(Data records)
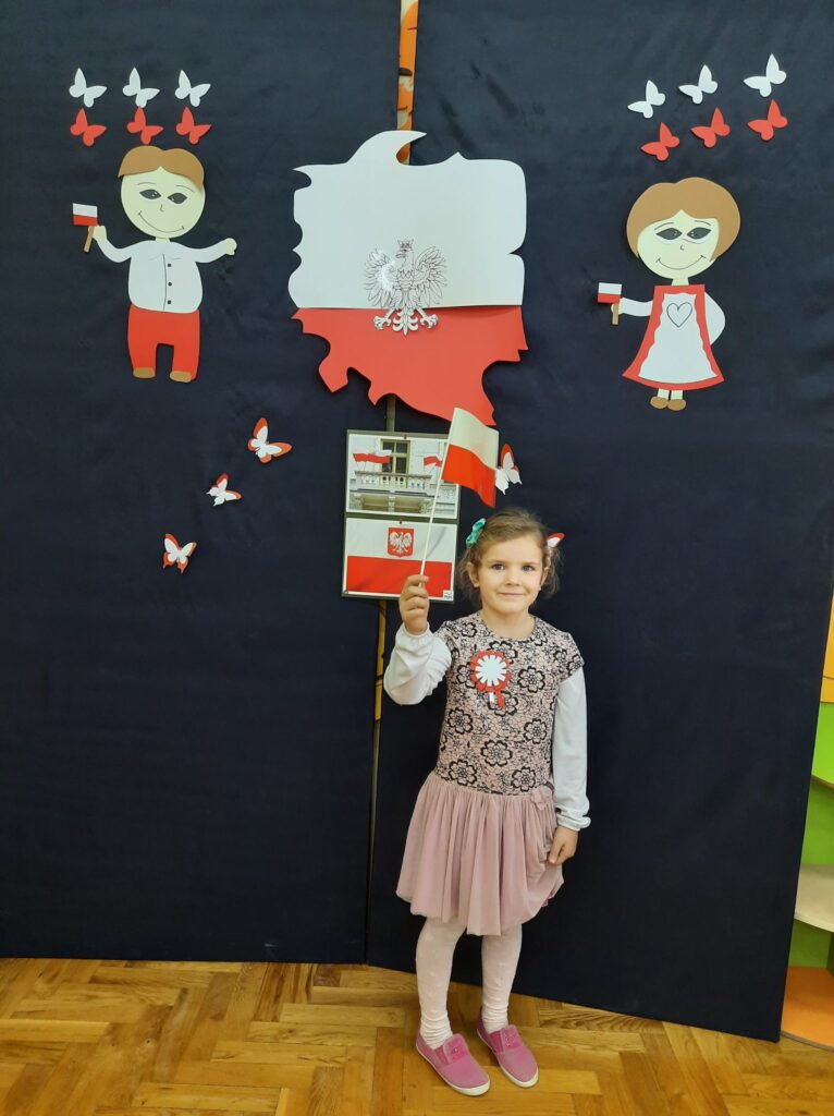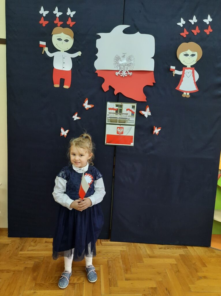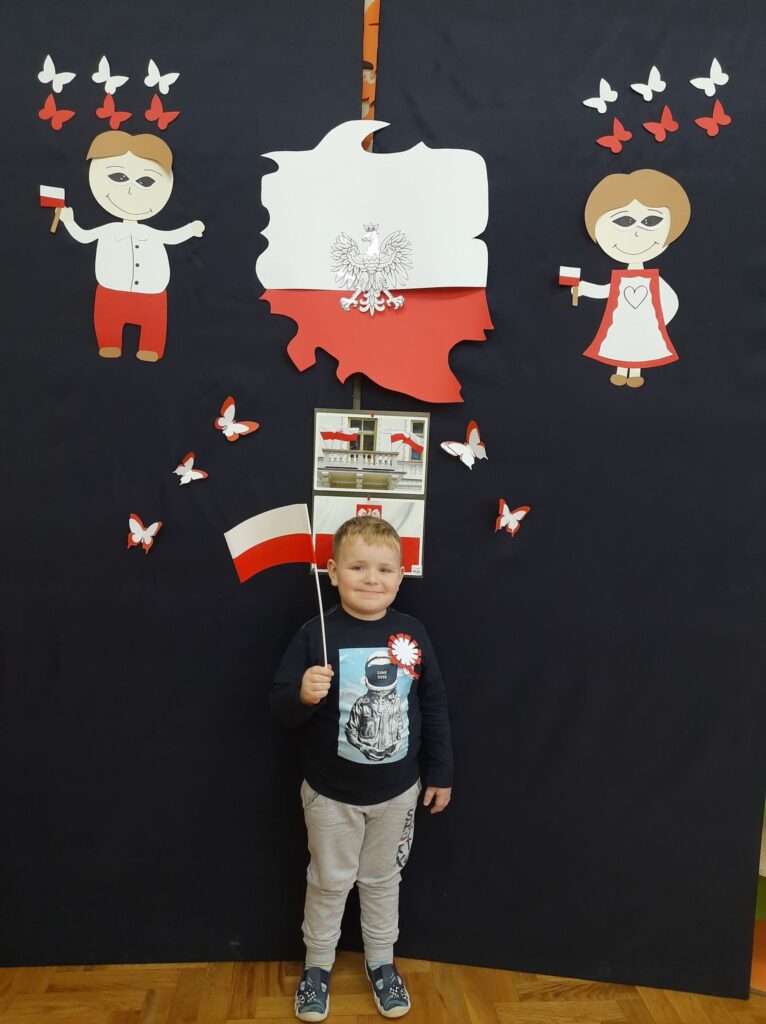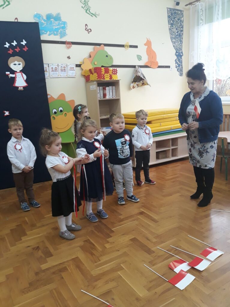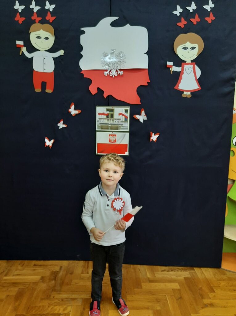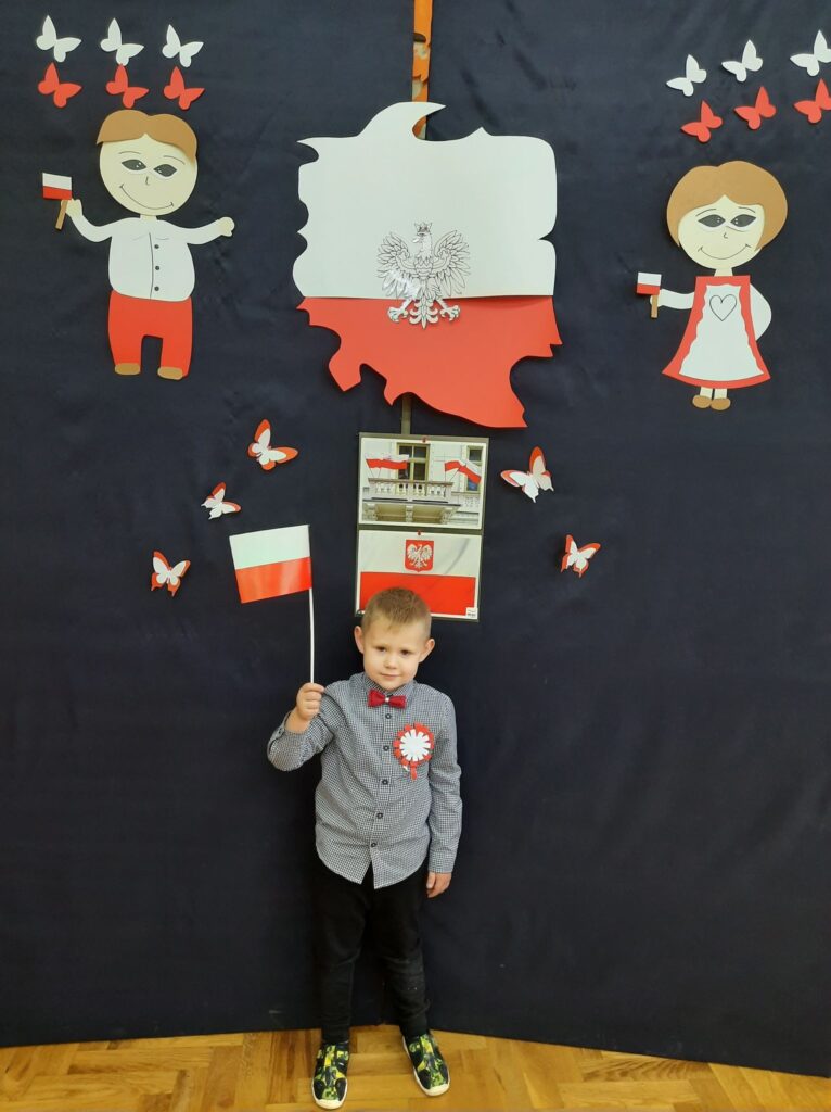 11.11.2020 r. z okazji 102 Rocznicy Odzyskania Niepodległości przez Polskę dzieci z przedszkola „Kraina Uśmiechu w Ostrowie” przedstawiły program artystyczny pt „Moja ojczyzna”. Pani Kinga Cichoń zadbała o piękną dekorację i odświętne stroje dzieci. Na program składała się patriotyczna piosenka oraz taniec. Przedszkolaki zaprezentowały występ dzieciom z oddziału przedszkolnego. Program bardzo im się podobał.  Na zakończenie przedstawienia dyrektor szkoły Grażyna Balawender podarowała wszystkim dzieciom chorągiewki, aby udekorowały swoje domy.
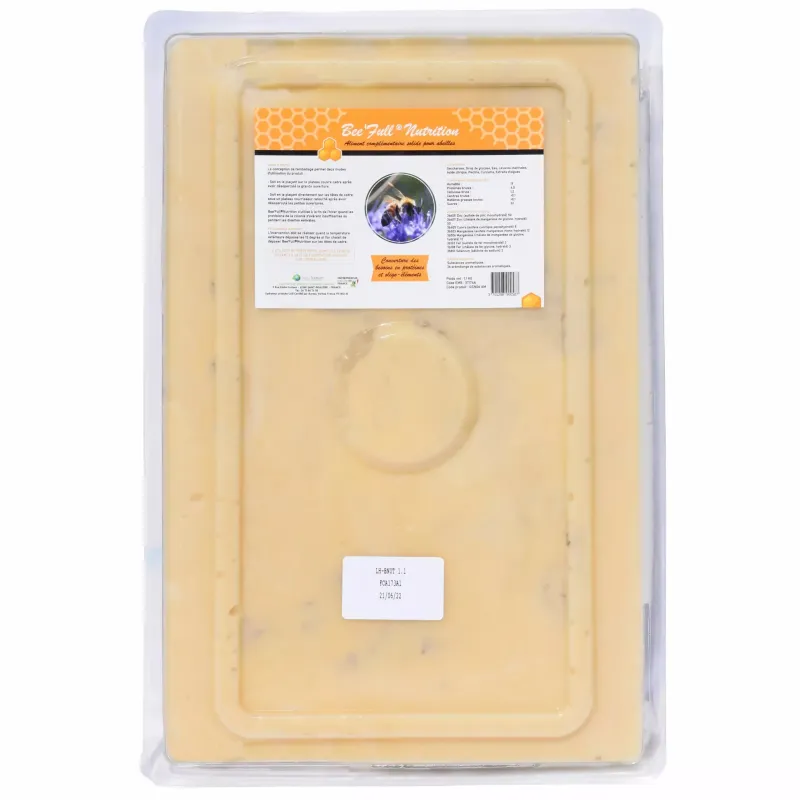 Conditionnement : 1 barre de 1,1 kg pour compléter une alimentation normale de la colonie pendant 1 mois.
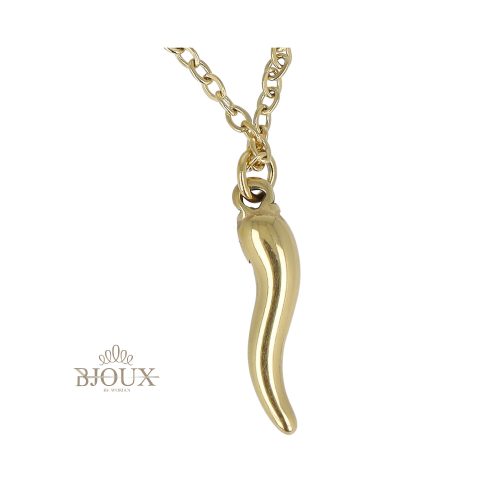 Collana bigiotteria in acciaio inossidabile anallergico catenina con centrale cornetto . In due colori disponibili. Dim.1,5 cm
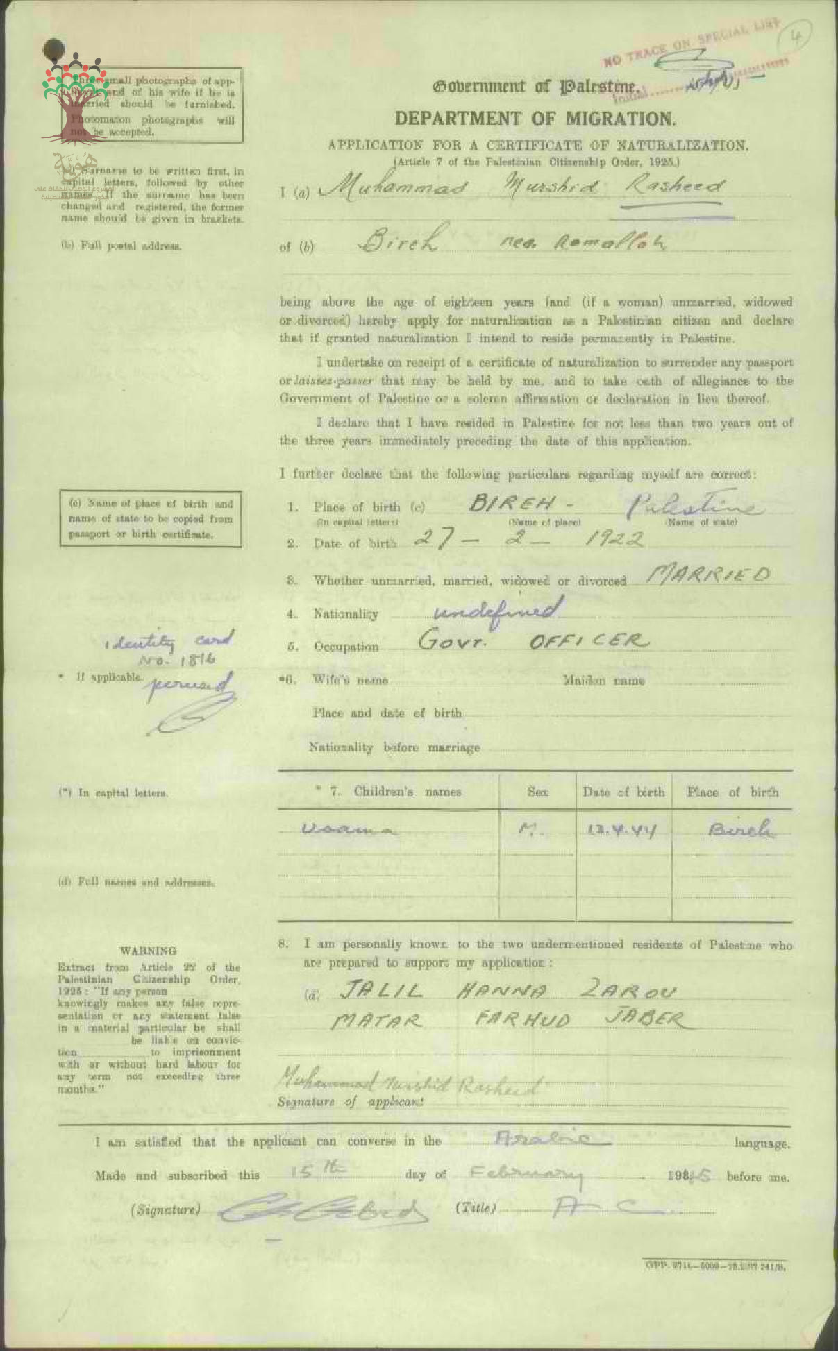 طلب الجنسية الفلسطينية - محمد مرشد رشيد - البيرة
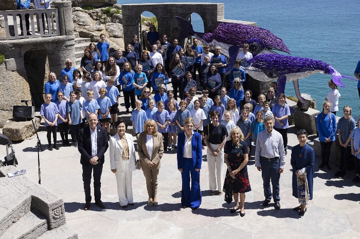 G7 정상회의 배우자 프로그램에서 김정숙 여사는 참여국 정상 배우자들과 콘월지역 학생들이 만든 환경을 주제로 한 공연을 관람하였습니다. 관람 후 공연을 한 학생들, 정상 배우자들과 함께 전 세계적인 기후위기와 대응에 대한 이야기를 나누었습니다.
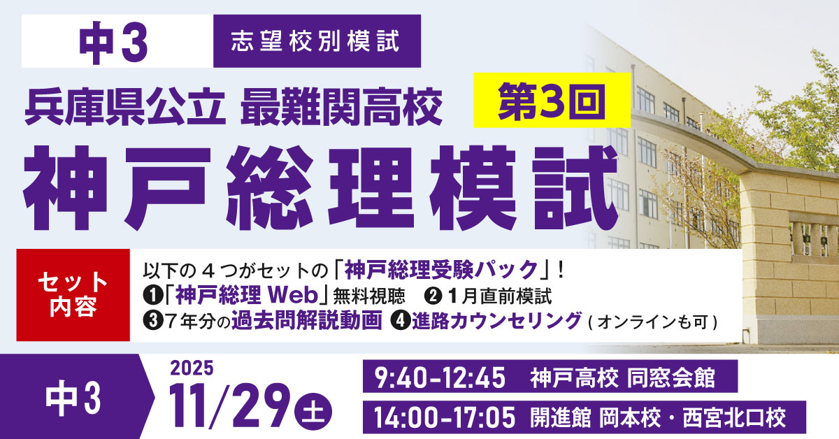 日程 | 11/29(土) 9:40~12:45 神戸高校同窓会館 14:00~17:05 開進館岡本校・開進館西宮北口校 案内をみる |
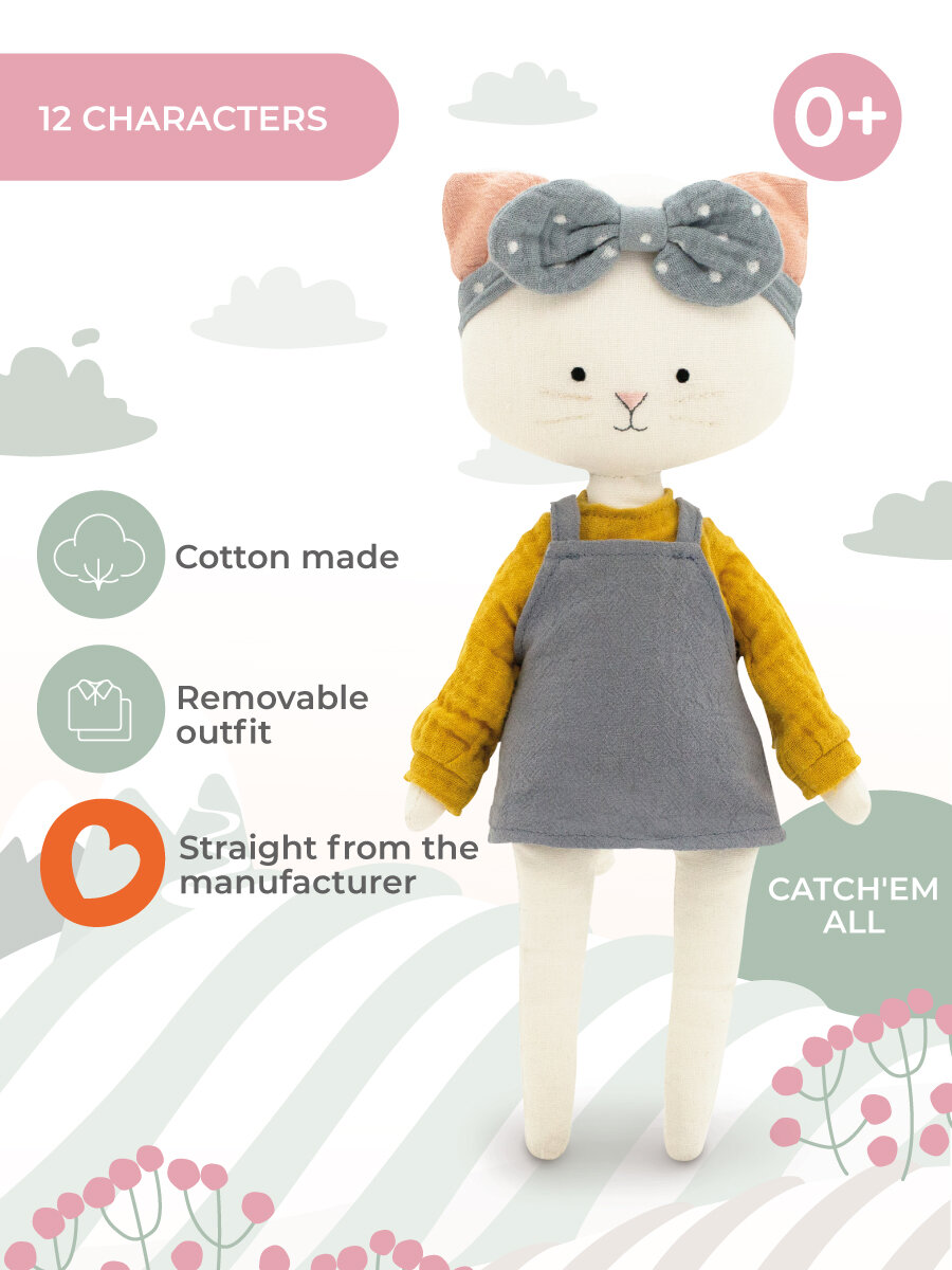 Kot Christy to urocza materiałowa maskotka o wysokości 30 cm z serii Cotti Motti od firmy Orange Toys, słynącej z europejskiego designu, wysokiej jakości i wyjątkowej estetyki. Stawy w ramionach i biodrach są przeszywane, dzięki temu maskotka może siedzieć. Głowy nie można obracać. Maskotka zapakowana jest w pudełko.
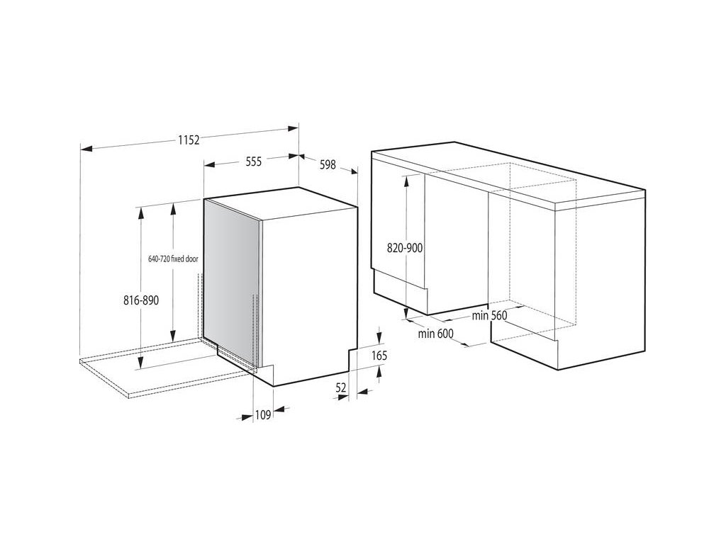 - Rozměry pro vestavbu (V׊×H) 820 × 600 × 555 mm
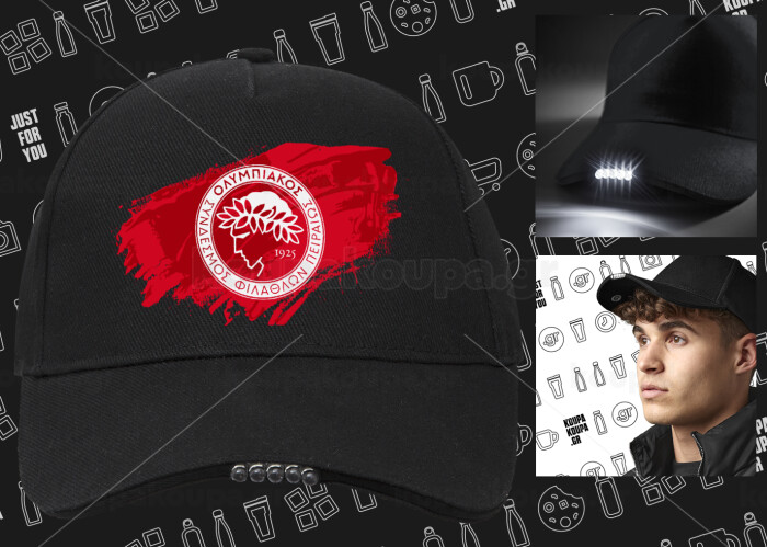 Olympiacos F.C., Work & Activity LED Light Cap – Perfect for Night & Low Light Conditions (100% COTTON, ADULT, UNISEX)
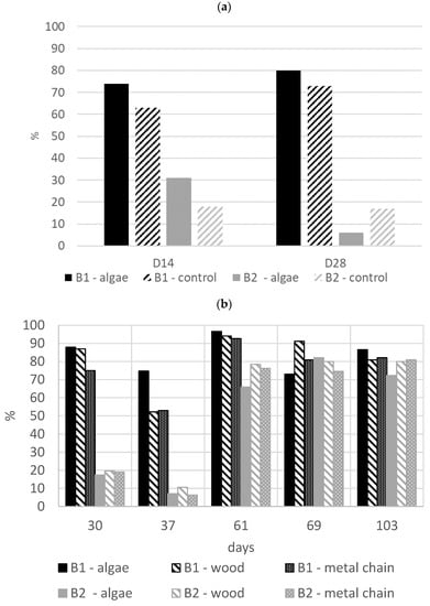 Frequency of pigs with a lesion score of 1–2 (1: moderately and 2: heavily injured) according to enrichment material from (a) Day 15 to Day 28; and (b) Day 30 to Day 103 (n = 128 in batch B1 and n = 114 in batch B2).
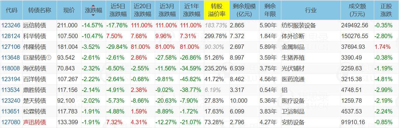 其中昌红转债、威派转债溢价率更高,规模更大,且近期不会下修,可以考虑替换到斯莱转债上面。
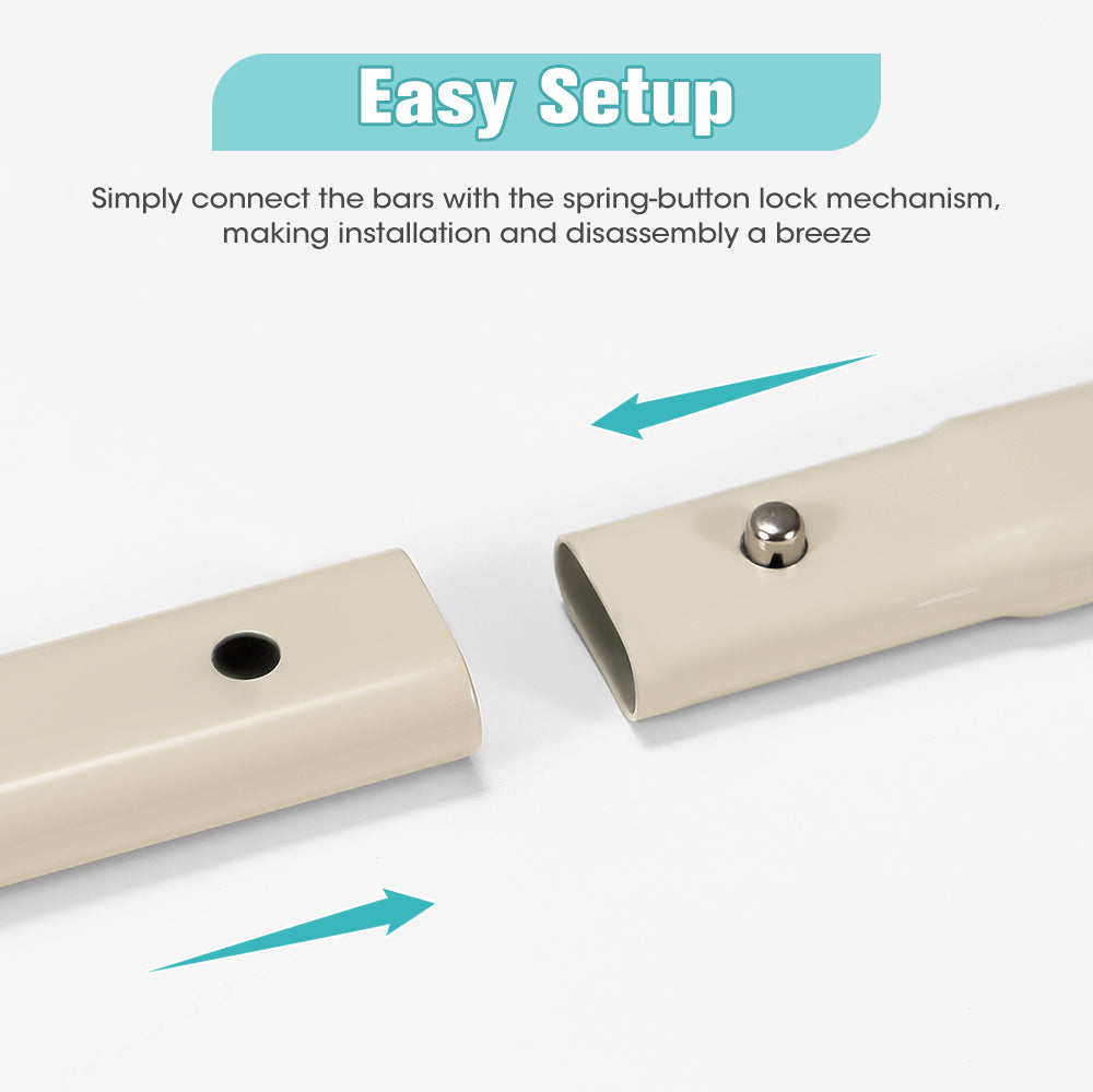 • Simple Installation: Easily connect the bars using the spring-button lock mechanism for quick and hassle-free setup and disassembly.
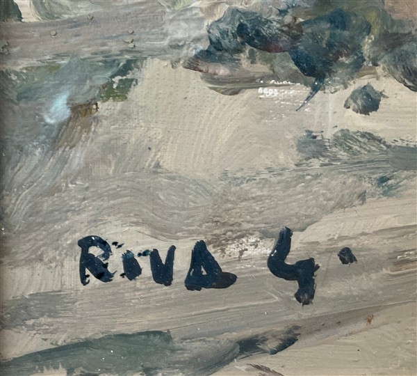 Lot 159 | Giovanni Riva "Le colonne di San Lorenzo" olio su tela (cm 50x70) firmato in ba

ASSIGNMENT:
Reproduce the records above exactly, but only from the line containing "Frequency of pigs" through the last line, both included, and without any pictures.

WORKED SOLUTION:
 Frequency of pigs with a lesion score of 1–2 (1: moderately and 2: heavily injured) according to enrichment material from (a) Day 15 to Day 28; and (b) Day 30 to Day 103 (n = 128 in batch B1 and n = 114 in batch B2).
 其中昌红转债、威派转债溢价率更高,规模更大,且近期不会下修,可以考虑替换到斯莱转债上面。
 • Simple Installation: Easily connect the bars using the spring-button lock mechanism for quick and hassle-free setup and disassembly.
 Lot 159 | Giovanni Riva "Le colonne di San Lorenzo" olio su tela (cm 50x70) firmato in ba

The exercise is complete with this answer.